Ozzy nods once, slowly. “And Carl?”
My stomach twists at the name. “Carl,” I confirm, voice turning harder. “He’s… a creep.”
Ozzy’s gaze sharpens. “Tell me.”
I hesitate, then shake my head. “It’s not… a specific thing. It’s the way he looks at me. The way his eyes linger. Like he’s thinking about… ownership.”
Ozzy’s face goes very still. He doesn’t speak for a long moment. Then he says quietly, “I’m having Dean run his background.”
My head snaps up. “Ozzy—”
“I’m not saying he did anything,” Ozzy cuts in, calm but firm. “I’m saying we don’t ignore any possibility.”
I swallow. My stomach sinks. “You think he could’ve…” I can’t even finish it.
Ozzy’s eyes hold mine. “Trafficking is money. And money makes men do disgusting things.”
A cold wave moves through me. My first instinct is to defend my mom. To defend the world I came from. To insist it couldn’t be that. But my second instinct is to remember that I disappeared, and nobody came looking for me. Nobody even seemed to notice until Maddox Security got involved.
How long did it take for anyone to report me missing? I don’t know. And that’s… terrifying.
Ozzy’s voice softens. “We’ll check. That’s all. Information doesn’t hurt you. It helps you.”
I nod slowly, throat tight. “Okay.”
He writes something on the notebook:
Background check: Carl (and any ties)
Seeing it on paper makes it real. It makes my stomach clench.
Ozzy taps the pen again. “Okay. Back to the list. Something lighter.”
I swallow. “I’ve never… traveled. Like, real travel. I’ve never been on a vacation.”
Ozzy’s eyebrows lift. “Not even a beach?”
I laugh bitterly. “My beach was the curb outside my apartment. I’d sit on it and pretend it was sand.”

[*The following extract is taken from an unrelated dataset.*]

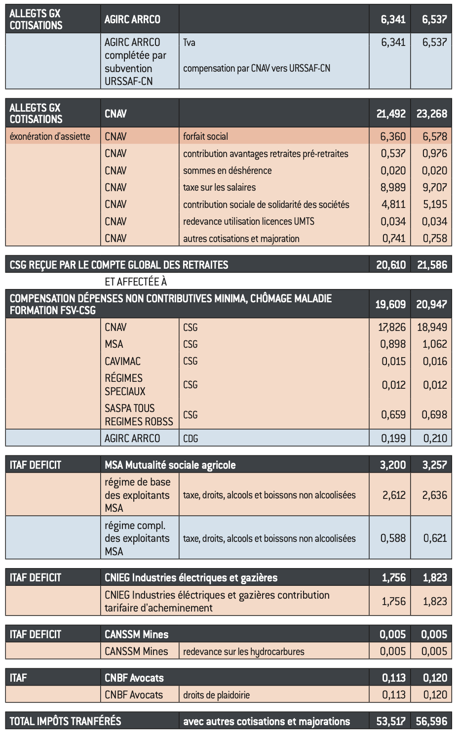 Le transfert d’impôts a trois objectifs, dont la couverture de déficits spécifiques à certains régimes

Ozzy’s eyes darken with something fierce.
I rush to add, “But it’s fine. I’m fine.”
He doesn’t look like he believes the word “fine” exists.
He writes:
Vacation someday (actual sand)
My chest does something weird at the word someday. Like it might be possible.
Ozzy looks up again. “What about fun? What do you like?”
I hesitate, then say the truth. “The skatepark.”
His eyes brighten slightly. “What do you love most about skating?”
“Well.” My mouth tilts, pride flickering. “It’s the only time my brain shuts up.”